Studien angeblich unbrauchbar
Doch dann zogen die Centers for Disease Control vor vier Jahren die Cleveland-Untersuchung samt den daraus gezogenen Schlußfolgerungen zurück. "Es gab einige Probleme mit dieser Studie", sagt Duncan Kuhn von der Case Western Reserve Universityin Cleveland. "Das fing schon damit an, daß die Vergleichsgruppe der gesunden Säuglinge sich von der der kranken Babys in vielen Punkten signifikant unterschied." Andere Säuglinge oder Familienmitglieder entwickelten keine Symptome, obwohl sie sich in ebenso belasteten Räumen aufhielten. Die Fragenkataloge für Eltern und Ärzte hatten alternative Ursachen - wie beispielsweise Pestizidrückstände - von vornherein ausgeschlossen.
"Im Grunde sind fast alle Studien, die eine Verbindung zwischen Stachybotrys und Erkrankungen beim Menschen aufzeigen wollen, methodisch fehlerhaft und damit unbrauchbar", sagt Kuhn.
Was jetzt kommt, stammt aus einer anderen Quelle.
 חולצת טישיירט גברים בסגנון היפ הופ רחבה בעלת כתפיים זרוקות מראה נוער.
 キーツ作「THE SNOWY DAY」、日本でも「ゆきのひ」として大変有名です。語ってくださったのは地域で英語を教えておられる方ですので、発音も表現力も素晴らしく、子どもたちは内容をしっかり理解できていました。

Und je länger man die Literatur wälzt, desto deutlicher wird: Was beim Aufeinandertreffen von Hausschimmel und Menschen wirklich passiert, weiß niemand so genau.
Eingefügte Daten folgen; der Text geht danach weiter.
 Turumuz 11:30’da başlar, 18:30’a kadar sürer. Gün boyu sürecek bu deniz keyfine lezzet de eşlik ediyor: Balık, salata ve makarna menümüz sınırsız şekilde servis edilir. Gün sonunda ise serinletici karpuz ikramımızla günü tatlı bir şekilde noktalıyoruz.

Existenz von Pilzen allein noch keine Gefahr
Da ist zum Beispiel die Tatsache, daß sich "der Schimmel" in feuchten Wohnungen aus mehr als fünfzig verschiedenen Pilzarten zusammensetzt. Ob nur bestimmte davon für die beobachteten Symptome verantwortlich sind, ist unbekannt. Hinzu kommt, daß in befallenen Häusern oft auch die Belastung durch Bakterien oder Staubmilben besonders hoch ist - ebenfalls mögliche Verursacher typischer Symptome. Der vermeintlich so giftige Stachybotrys wurde dagegen in verschiedenen Untersuchungen in weniger als zwölf Prozent aller befallenen Häuser nachgewiesen.
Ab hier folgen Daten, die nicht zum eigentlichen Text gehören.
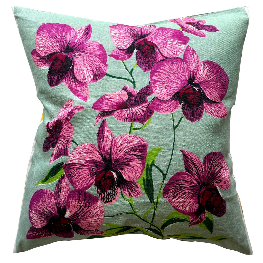 How lovely is this dramatic and beautiful Cooktown Orchid vintage linen teatowel cushion cover? A rich black background contrasts with the pink-toned orchids beautifully.
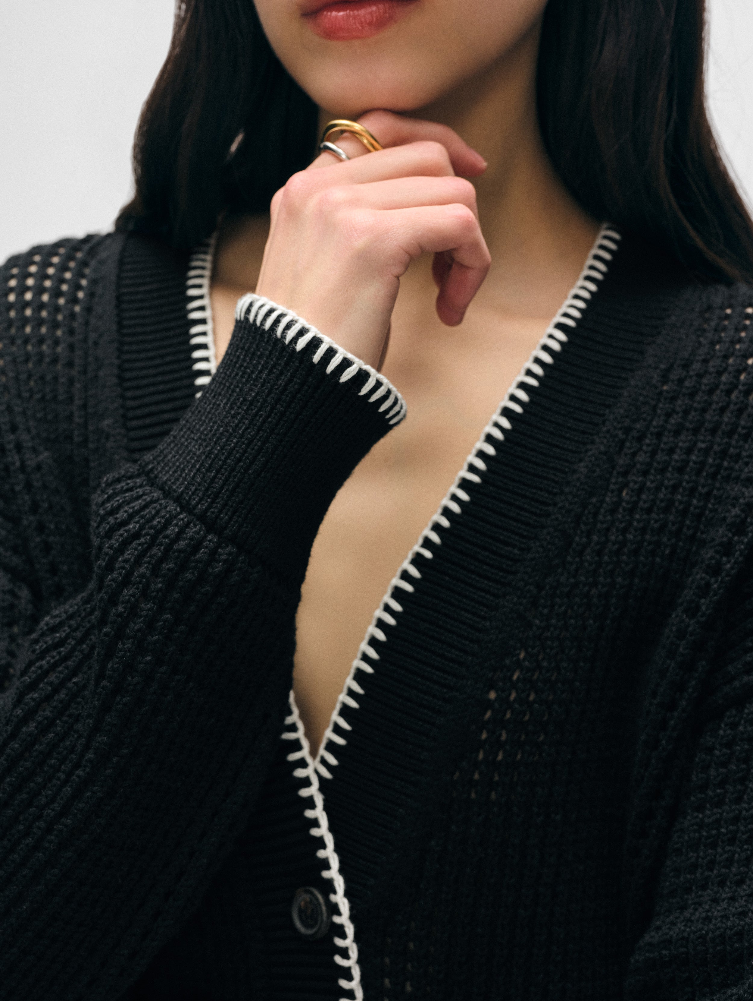 Cotton Blanket Trim Cardigan | Black/Ivory
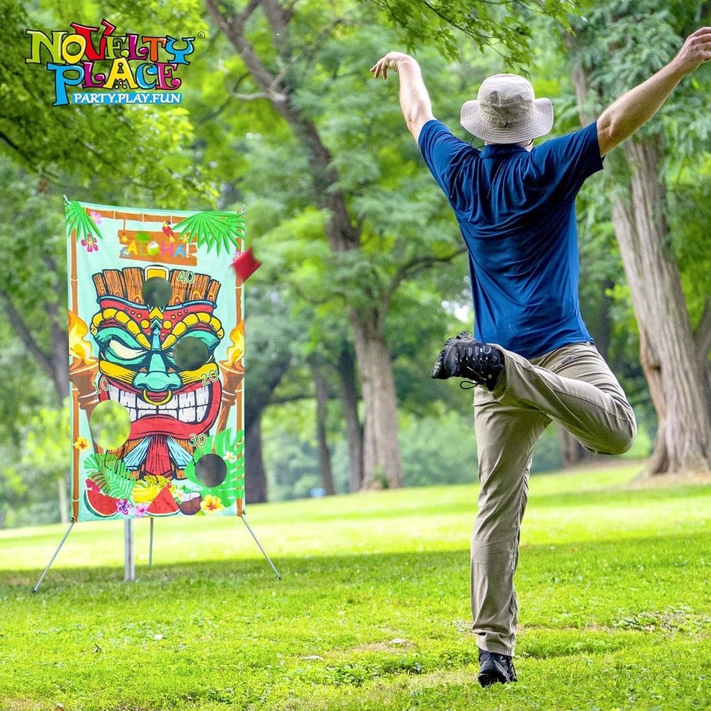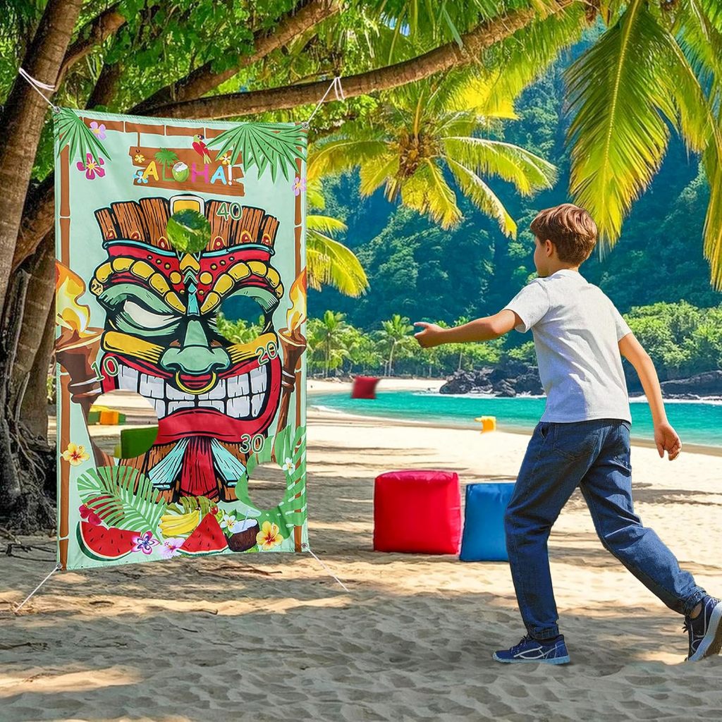Summer Luau Hawaii Toss Game Set with Bean Bags - Fun Tiki Hawaiian Party Activities for Kids and Adults, Tropical Carnival Outdoor Games and Decorations

Die bloße Existenz der Pilze bedeutet ohnehin noch lange nicht, daß der Mensch groß mit ihnen in Kontakt kommt. Wie viele Pilzsporen überhaupt in der Luft schweben, hängt von unzähligen Faktoren ab: von der Größe der Sporen, von ihrer Verteilung etwa durch das Aufwirbeln bei der Benutzung eines Staubsaugers. Selbst wenn die Zahl und Zusammensetzung der Sporen in der Luft zuverlässig bestimmbar wäre, ist damit nicht gesagt, ob und wie viele davon eingeatmet werden. Oder wie tief sie dabei in die Lungen gelangen. Und was sie dort bewirken.
Allergische Reaktionen verbreitet
Eine direkte Pilz-Infektion kommt selten vor, sie wird fast ausschließlich bei extrem Immungeschwächten, zum Beispiel bei Aids- oder Krebspatienten, beobachtet. Wesentlich verbreiteter sind allergische Reaktionen. Nach Auskunft des Experten-Verbandes American College of Occupational and Environmental Medicine entwickeln etwa zehn Prozent der Bevölkerung im Laufe ihres Lebens Antikörper gegen Schimmelpilze. Allerdings zeigt nur die Hälfte von ihnen auch die klinischen Symptome einer Allergie.
Vollends rätselhaft ist die Rolle der Mycotoxine. Man kennt mehr als 350 Schimmelpilzarten, die mehr als 400 verschiedene Toxine produzieren. "Allerdings können wir kaum vorhersagen, wann die Pilze damit anfangen", sagt Tom Volk.
Aufnahme mit der Nahrung
In den meisten Fällen, in denen Menschen in der Vergangenheit durch Mycotoxine erkrankten, hatten sie diese wohl mit der Nahrung aufgenommen. Prominentes Beispiel hierfür ist das Mutterkorn, eine Pilzerkrankung des Roggens. Der Verzehr von mutterkornverseuchtem Getreide kann zum Absterben von Gliedmaßen, zu Halluzinationen und sogar zum Tod führen. Die von Stachybotrys produzierten Toxine gehören dagegen zur Klasse der Trichothecene. Diese organischen Verbindungen behindern die Proteinbiosynthese. Das könnte unzählige Folgen haben, nur: Keine einzige wurde jemals zweifelsfrei nachgewiesen. "Das Problem ist, daß Tierversuche unter Laborbedingungen einfach nicht geeignet sind, um die Auswirkungen von Schimmelpilzen auf die menschliche Gesundheit zu untersuchen", sagt Volk. "Man kann quasi nur abwarten, ob irgendwem etwas passiert, und dann weiter nachforschen."
Wie die Vergangenheit gezeigt hat, funktioniert das nur, wenn man sich auf eine sinnvolle Untersuchungsmethode verständigen würde. Die Männer im Mondanzug werden in den Vereinigten Staaten wohl bis auf weiteres nicht arbeitslos werden.